— EXERCISE REQUIREMENTS —
Go to the line that contains "View 145 Front" in the records below and repeat it, and each line after it, exactly through the end, omitting pictures.

— RECORDED DATA —
+++
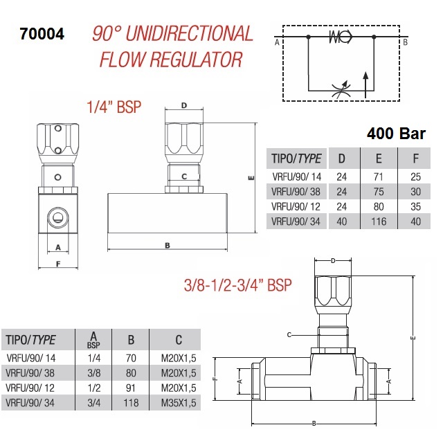| 325030VRFU9014 | 2x G1/4" | 400 | 0,36 | 15 l/min. | ks |
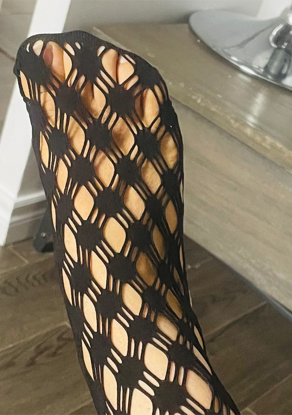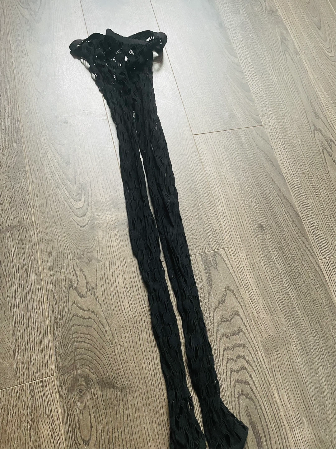 Black fishnet tights with a diamond pattern. These tights offer a stretchy fit and a bold look. They're great for layering or making a statement. Material is nylon blend.
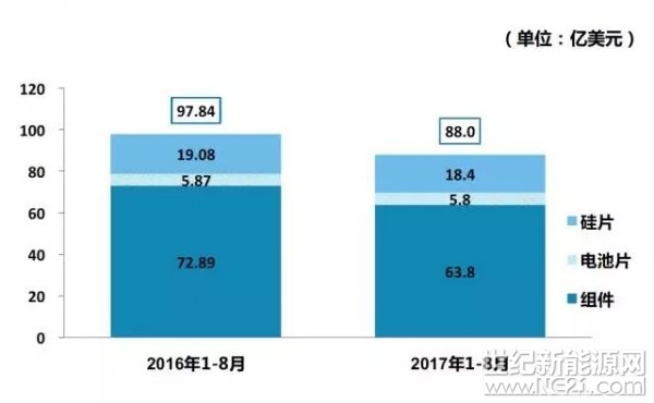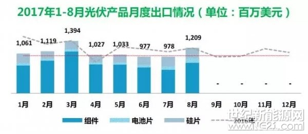 对外贸易:2017年1-8月中国光伏产品进出口总体情况
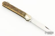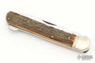 This vintage lockback by Hubertus features a spear point blade, nickel silver bolsters, stag scales, and brass liners and pins. Nice lockup. Has some light scratches, otherwise excellent condition.
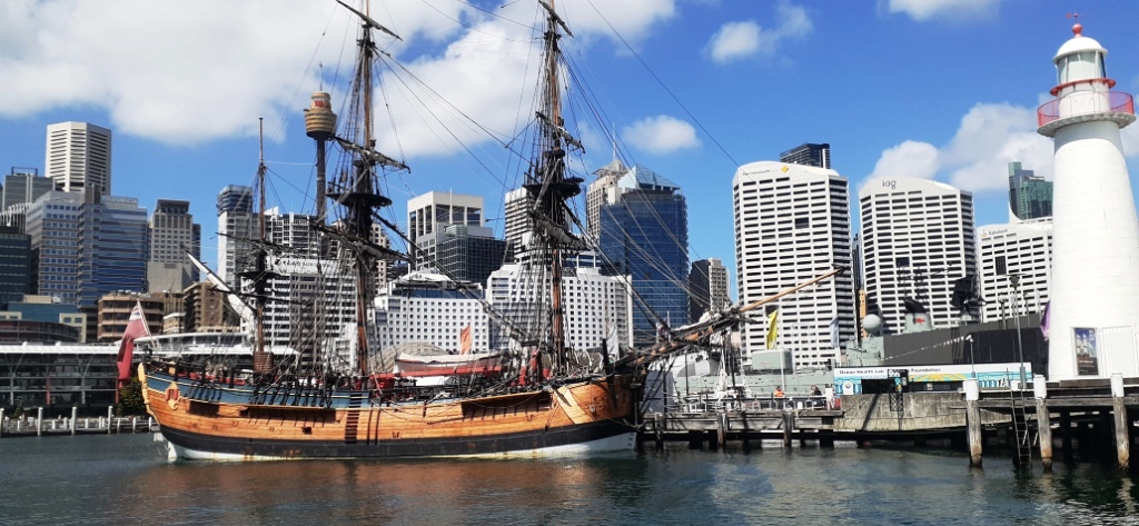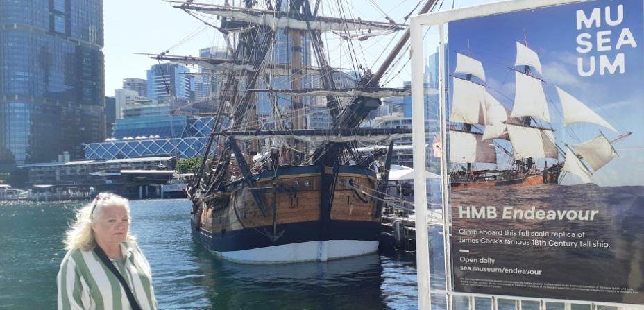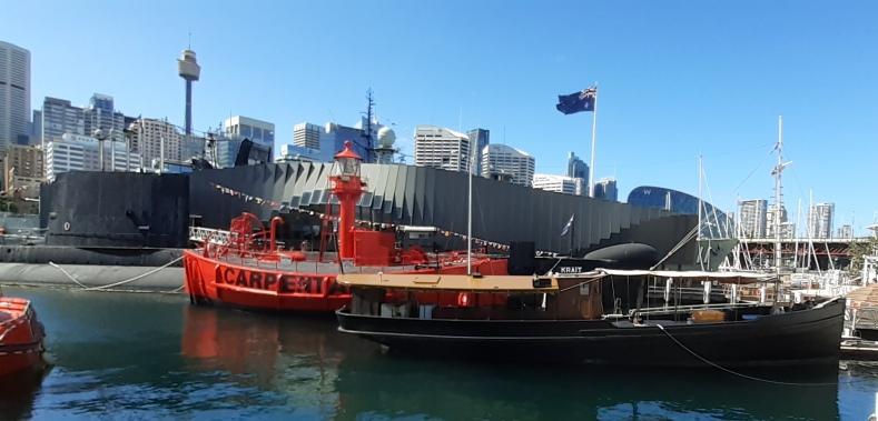 Monday our final day in Sydney was initially spent traveling on the Light Rail around to Darling Harbour to visit the Maritime Museum. The museum had an eclectic exhibition inside including: Aboriginal seafaring knowledge, early maritime exploration, Harrison's chronometer for measuring Longitude, sextants and then the rest were exhibits about Royal Australian Navy. Outside exhibits include the replicas of Cook's HMB Endeavour, replica of 18th C Dutch ship Duyfken, the WWII sabotage vessel the Krait, the submarine Onslow, the destroyer Vampire plus others which your $30 entry fee entitled you to clamber over; which I did.
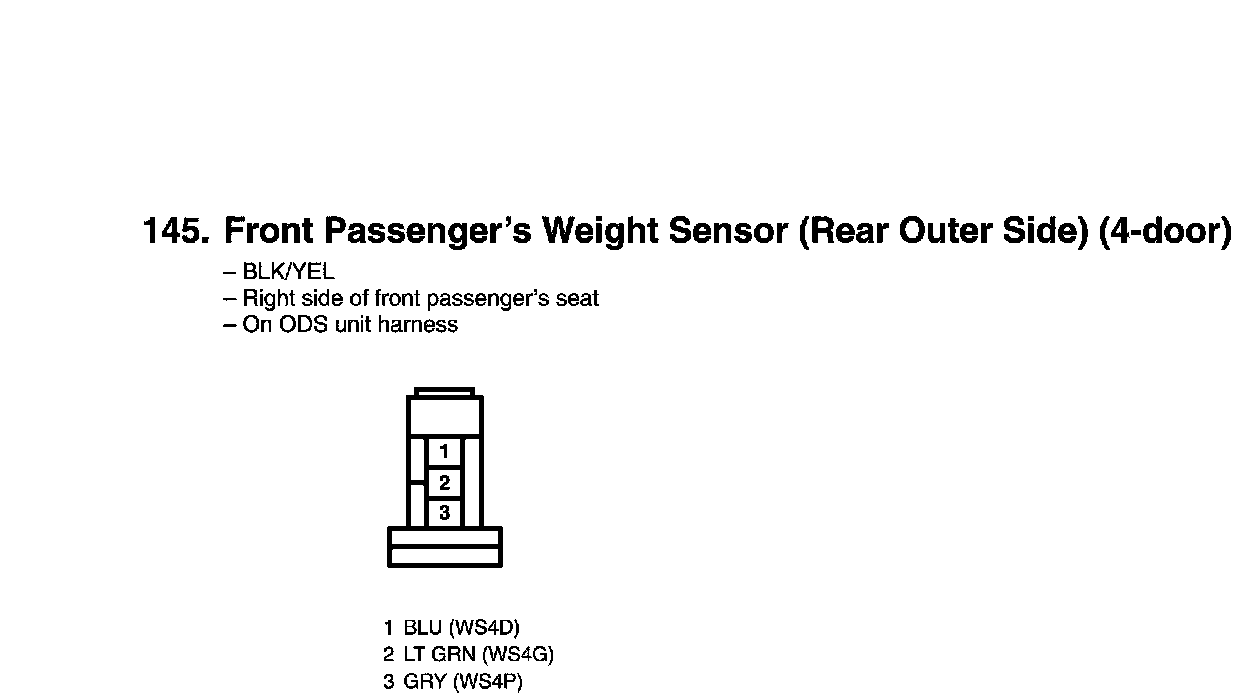 View 145 Front Passenger's (Rear Outer Side) Weight Sensor Connector View (4-Door)
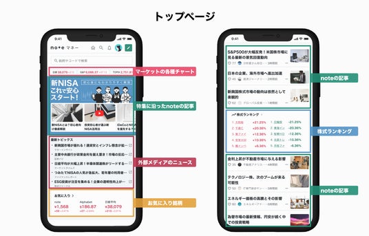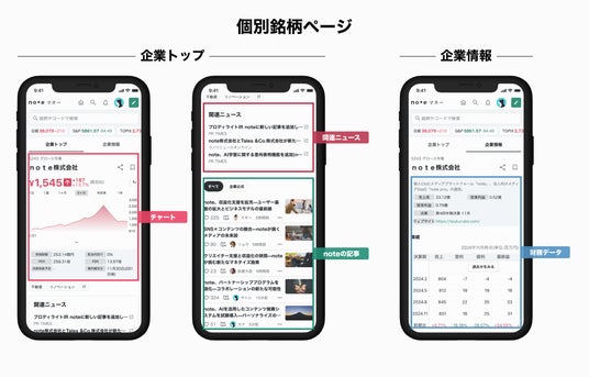 これにより、すでに投資をしている方をはじめ、資産形成に関心を持つ人たちの目に、noteのクリエイターの記事がふれる機会をさらに増やします。また財務データやニュース、各種チャートもこれらのページに連携。投資家は必要な情報を一カ所でまとめて確認できます。
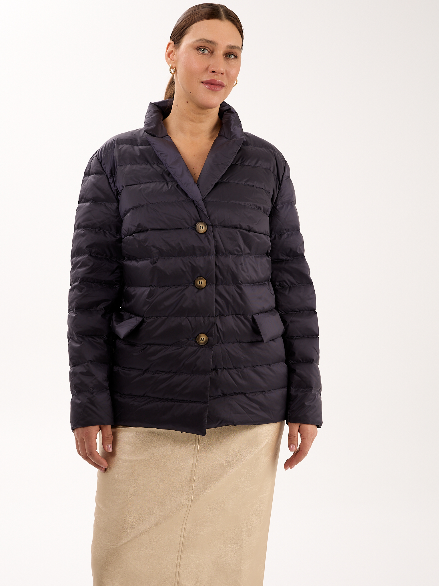 Легкий жакет-пуховик полуприлегающего силуэта, длиной до бедер. Воротник английский с лацканами. Рукава втачные двухшовные. Нагрудная вытачка обеспечивает хорошую посадку. Карманы горизонтальные, пиджачного типа, с клапанами. Изделие застегивается на петли и пуговицы. Выполнено из нейлоновой курточной ткани в трех цветах: темно-синем, серо-голубом, лиловом.
+++
— RESULT OF THE TASK —
 View 145 Front Passenger's (Rear Outer Side) Weight Sensor Connector View (4-Door)
 これにより、すでに投資をしている方をはじめ、資産形成に関心を持つ人たちの目に、noteのクリエイターの記事がふれる機会をさらに増やします。また財務データやニュース、各種チャートもこれらのページに連携。投資家は必要な情報を一カ所でまとめて確認できます。
 Легкий жакет-пуховик полуприлегающего силуэта, длиной до бедер. Воротник английский с лацканами. Рукава втачные двухшовные. Нагрудная вытачка обеспечивает хорошую посадку. Карманы горизонтальные, пиджачного типа, с клапанами. Изделие застегивается на петли и пуговицы. Выполнено из нейлоновой курточной ткани в трех цветах: темно-синем, серо-голубом, лиловом.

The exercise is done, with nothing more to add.